China’s Hungry Ghost Festival honours spirits released during the seventh lunar month: beloved ancestors but also wandering “hungry ghosts” without descendants. Halloween, from Celtic Samhain, was coopted by Christians and evolved into playful fear divorced from reverence. Mexico’s Día de los Muertos, rooted in Aztec beliefs about death as transition, merged with Catholic tradition into a joyful family reunion with elaborate altars. and processions.
In short: Chinese ghosts are high-maintenance and need constant offerings. Western ghosts just want to party. Mexican ghosts are beloved relatives dropping by for dinner.
These different behaviours and attitudes really translate into three different cultural operating systems for decision-making that go well beyond the holidays.
China: Obligation
Chinese families burn offerings because they must—driven by filial duty and protective caution. This extends year-round: health products (“must protect family”), insurance (“must secure future”), luxury goods (“must show status”). Chinese consumers respond to products positioned as necessary duties.
West: Choice
Halloween operates on pure desire—transformation, self-expression, temporary escape. Participation triggers are FOMO and identity play, not duty. Western consumers seek choices that express individual identity: “what does this say about me?”
Latin America: Joyful Honor
Día de los Muertos transforms obligation into joy, duty into art. Spending is joy-driven—beautiful altars, colorful skeleton parades reminding us “death is just part of life.” Latin American consumers skew toward purchases that strengthen relationships through celebration.
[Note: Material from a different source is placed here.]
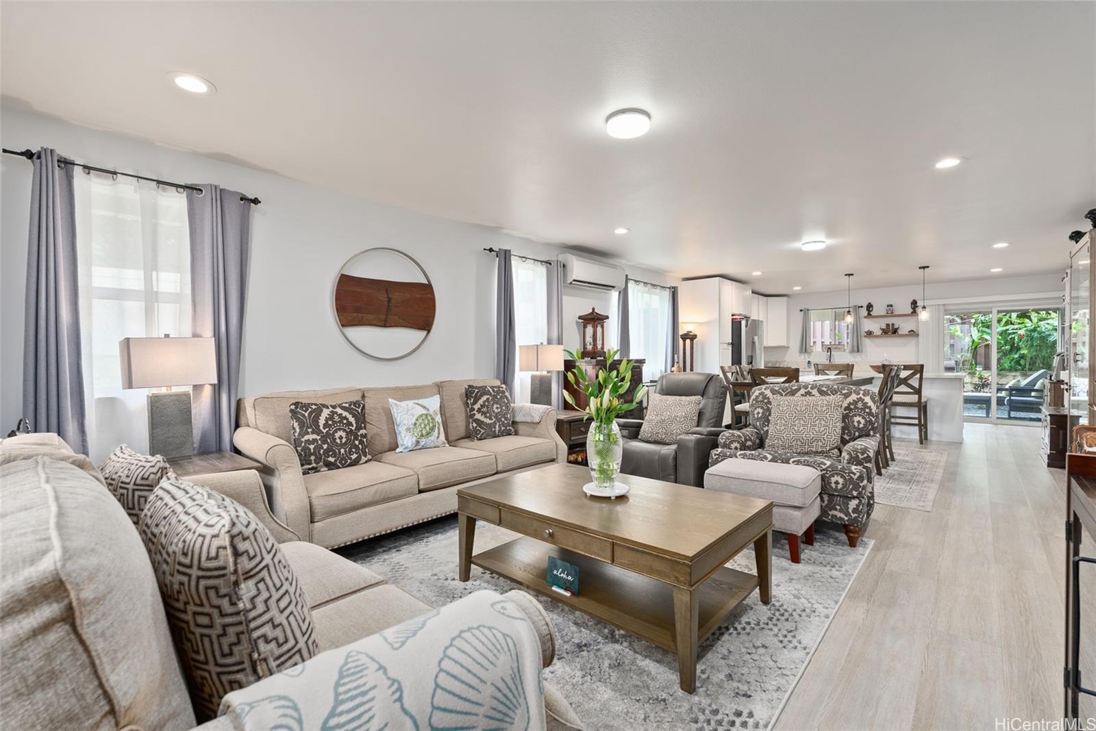 Welcome to this modern immaculately maintained luxury residence, positioned at the end of a quiet cul-de-sac offering refined design, privacy and contemporary comfort. This home features a modern spacious kitchen with stainless steel appliances, quartz countertops, and plenty of space for dining and entertaining. The living room flows seamlessly from the kitchen and dining area to create an open and inviting space for everyday living and enjoyment. The residence features 4 generously sized bedrooms, also a versatile suite with a private entrance, full bath and kitchenette - ideal for extended family, guests or rental option. There are six new split A/C systems for enhanced comfort. The backyard area offers a welcoming outdoor space designed for relaxation, and outdoor gatherings. Don't miss the opportunity to own this home nestled in the heart of Kaneohe minutes from Windward Mall, theaters and restaurants. Close to H-3, Marine Corps Base Hawaii, Camp Smith, Hickam Air Force Base and Pearl Harbor. FIRST OPEN HOUSE, January 18th, 2-5pm. SEE VIDEO LINK

Of culture evolves and there is a contemporary twist to this framework
China: Obligation meets efficiency
Young urban Chinese remain selective about which traditions deserve their duty impulse. Authorities now promote “Cloud Offerings” via WeChat, replacing burned paper. Brands can modernize the form if they preserve the purpose: protection, family security, respect.
West: Identity expression amplified
The $3+ billion Halloween costume market reveals consumers want meaningful choices expressing individual identity. Social media amplifies this but doesn’t change the core driver: “this is who I am.”
Latin America: Authenticity under pressure
As Día de los Muertos goes global (the “Coco effect”), Mexican consumers face tension between modernizing presentation and defending cultural meaning. Authentic craftsmanship and cultural integrity are non-negotiable. Brands must prove they understand the why, not just the aesthetic.
The Pattern
Modern consumers globally are more selective about which traditions to embrace, but when they commit, they demand deeper authenticity and meaning. The opportunity for brands lies in honouring tradition while feeling contemporary, being efficient while meaningful, innovative while respectful.
After all, how you honour the dead says everything about how you live—and what you buy.